Research on FPs in Urdu remains limited, with Jabeen and Betz (2022) providing the only available study to date. Their analysis was based on approximately 25 min of speech from 14 speakers, collected in a semi-spontaneous, interview-style setting, where participants responded to predefined prompts. The study examined the frequency of hesitation markers, the properties of FPs, and the formant structure of vocalic FPs to assess vowel quality. Their findings indicate that vocalic (V) and vocalic-nasal (VN) forms are the most frequent FPs. While um-type FPs appear more often in turn-medial positions, uh-type FPs occur with similar frequency in turn-initial and turn-medial positions. Analysis of vowel quality showed that both forms share a close-mid central vowel. While their study provided important initial descriptive insights into hesitation patterns in Urdu, its scope was limited to semi-spontaneous speech and primarily focused on distributional frequency and vowel quality of vocalic FPs; the present study goes beyond their work in several key aspects. First, it examines FPs in spontaneous interaction, defined here as unscripted, non-read interaction elicited with minimal constraints. The speakers were given broad topics (e.g., future plans, daily routines, etc.) and then allowed to talk freely with each other without interruption from the researcher, selecting their own content and discourse structure. Second, the present analysis incorporates a broader set of parameters, including (i) filled pause type (vocalic, vocalic-nasal, nasal-only); (ii) segmental context: silence–FP–silence (henceforth SS), word–FP–word (WW), silence–FP–word (SW), word–FP–silence (WS); (iii) utterance position (initial, medial, final, single); and (iv) multiple acoustic measures (duration, F0, intensity, F1, and F2), allowing for a comprehensive examination of both structural and phonetic variation.
On this basis, the present study addresses the following research questions:
(1)
How are different types of FPs distributed across segmental contexts and utterance positions in spontaneous Urdu speech?
(2)
Do filled pause types differ systematically in their acoustic realization?
(3)
How do utterance position and segmental context condition the distribution and acoustic realization of FPs in Urdu?
By addressing these questions, the present study provides a detailed description of FPs in Urdu and contributes new empirical evidence to cross-linguistic research on the structural and phonetic patterning of hesitation phenomena.

3. Corpus and Methods

The FPs of eighteen female native Urdu speakers were analyzed to investigate variation in their usage and phonetic realization. Participants were undergraduate students at the Government College University Faisalabad, aged 18–25 years (M = 20), with no reported language disorders. Male speakers were excluded from this study to avoid potential gender-related differences in filled pause distribution reported in previous research (Wieling et al., 2016), as examining such effects was beyond the scope of the present analysis.
Recordings were conducted in a quiet indoor space using a H4N recorder, positioned approximately 30 cm from the speaker. Each of the nine spontaneous conversations lasted 12 min, yielding a total of 108 min of recorded speech. The speakers discussed topics related to their daily routines, hobbies, and future plans. All sessions were facilitated by the same researcher, who introduced the discussion topics at the beginning and did not intervene during the conversations. All speakers were recorded in comparable conditions and did not know that FPs were the focus of analysis.
FPs and silences were identified across the recordings and analyzed for each speaker based on five parameters: (a) frequency of FPs; (b) three types of FPs (i.e., vocalic, vocalic-nasal, and nasal); (c) the placement of FPs in segmental context coded as SS, WW, SW, and WS; (d) their position within the utterance (start, mid, end, single); and (e) phonetic features (F0, F1, F2, duration, intensity), to examine phonetic differences in the realization of FPs.
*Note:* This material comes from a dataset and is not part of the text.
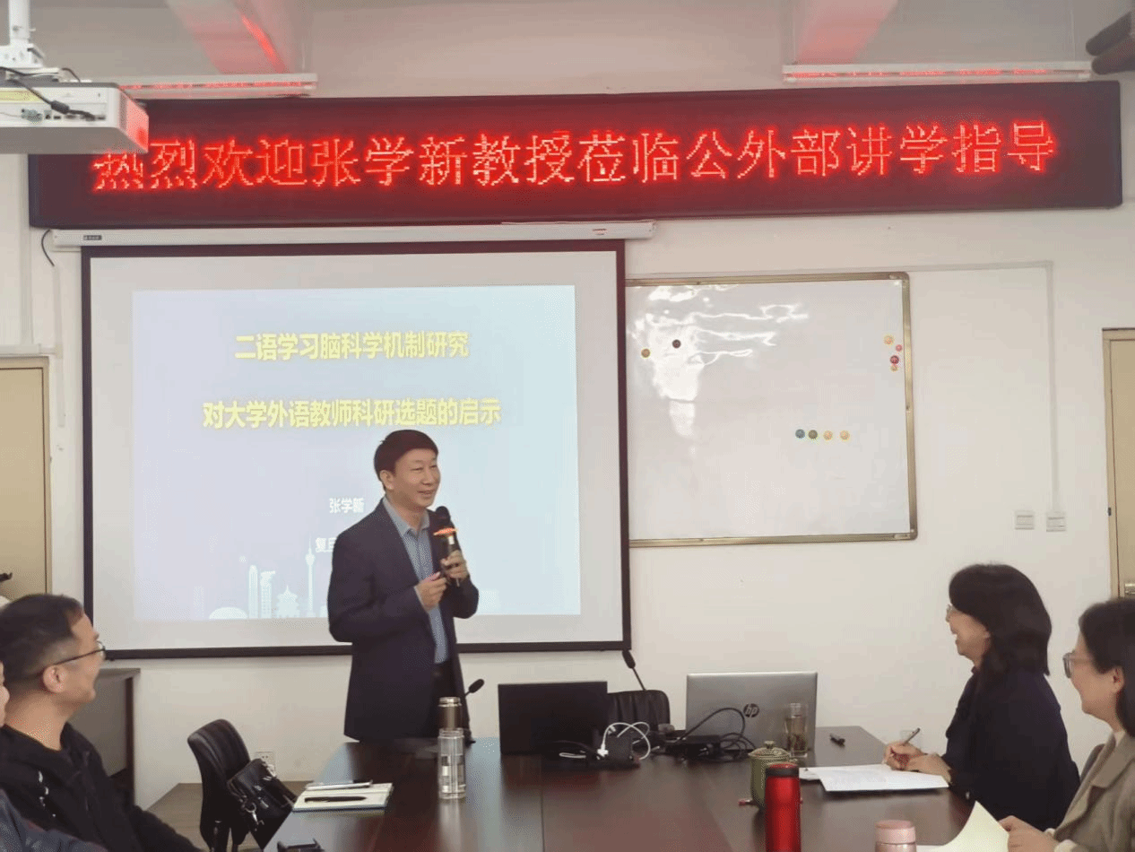 2025年10月30日下午,复旦大学张学新教授应邀为公共外语教研部全体教师带来一场题为“二语学习脑科学机制研究对大学外语教师科研选题的启示”的专题讲座讲座由张艳红主任主持。
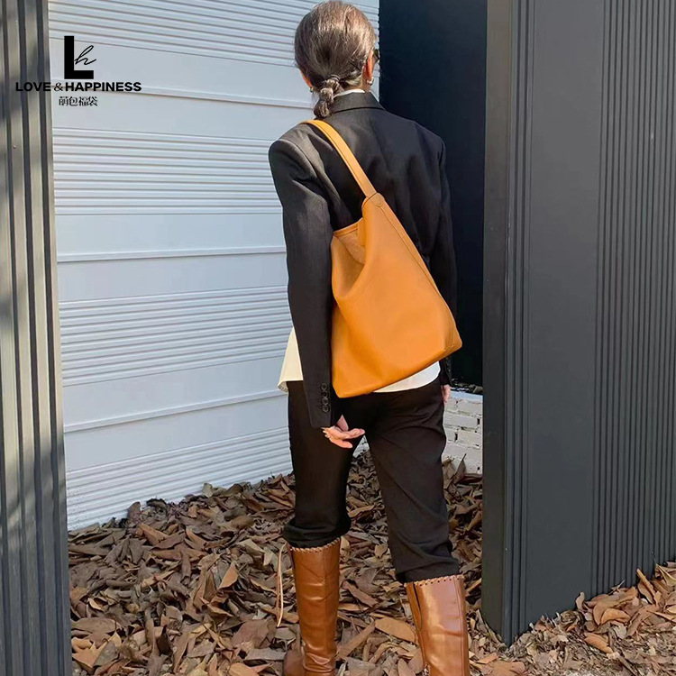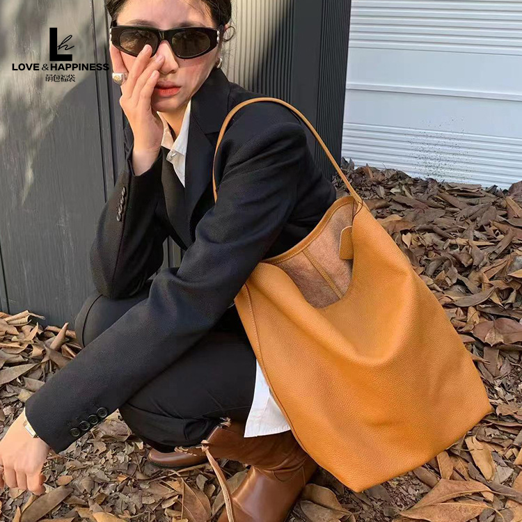 Genuine Leather Large-capacity Commuter Tote Bag ROWLarge Portable Pebbled Shoulder Handbag Armpit Casual Shopping

3.1. Segmentation, Annotation, and Frequency Determination of FPs

To determine the frequency of FPs, all speech data were manually segmented and annotated using PRAAT (Boersma & Weenink, 2015). The most common filled pause types, i.e., vocalic, vocalic-nasal, and nasal were included. Less frequent but related phenomena were excluded, including vowel lengthening and lexical FPs. Each FP was identified and segmented by marking the onset and offset of each token based on auditory and visual inspection of the waveform and spectrogram. Annotation included labeling each token with its type (vocalic, nasal or vowel–nasal) and its context (e.g., surrounded by silence or speech). To distinguish FPs from segmental lengthening, we annotated only stand-alone hesitation tokens i.e., intervals showing a clear token boundary and not forming part of a neighboring lexical segment. The lower silent pause threshold was set at 150 ms. This detailed labeling allowed for accurate frequency counts per speaker and per category and enabled subsequent acoustic analysis. FP frequency was operationalized as FPs per 100 words of speech (FPs/100 words), calculated as (total FPs ÷ total words) × 100. In addition, the presence or absence of creaky voice on FPs was manually coded.
To ensure consistency and reliability, a second trained annotator independently annotated the data. Inter-annotator agreement was calculated using Cohen’s Kappa, which yielded a value of 0.89, indicating high reliability. Discrepancies were resolved through joint review and consensus, and annotation guidelines were refined where needed. This process ensured the accuracy of FPs identification and the validity of frequency counts used in the analysis. Only non-lexical, independently produced FPs were included in the dataset to maintain a clear boundary between hesitation markers and lexical items. The proportion of each type of FP was calculated as a percentage of the total number of FPs produced by each participant. This allowed for an analysis of individual variations in the distribution of vowel, vowel–nasal, and nasal FPs.
All the FPs, vowel-only, vowel–nasal, and nasal, were analyzed across four immediate contextual environments (SS, WW, SW, and WS). SS positioning refers to FPs occurring between two silent pauses, where they are entirely enclosed by silence. WW positioning describes FPs that appear between two words, seamlessly integrated into speech flow. SW positioning includes FPs that follow a silent pause and precede a word, marking a transition from a pause to spoken content. Lastly, WS positioning refers to FPs that occur after a word and before a silent pause. These categorizations closely follow those proposed by O’Connell and Kowal (2005) and De Leeuw (2007).
In addition to immediate segmental context coding, each filled pause was also manually coded for its position within the utterance based on grammatical phrase boundaries (where “grammatical phrase” refers to a clause-level syntactic unit), adopting the four-position classification (start, mid, end, and single) from de Boer and Heeren (2020). FPs occurring between two grammatical phrases, with silent pauses of at least 150 ms on both sides, were classified as single. If a filled pause was adjacent to a silent pause on only one side and a grammatical phrase on the other, it was coded as either start or end, depending on its placement. FPs that interrupted a grammatical phrase were coded as mid-utterance, regardless of the length of surrounding silences, provided that the utterance remained grammatically fluent without the pause. Additionally, restarts, repairs, and repetitions were treated as new utterances.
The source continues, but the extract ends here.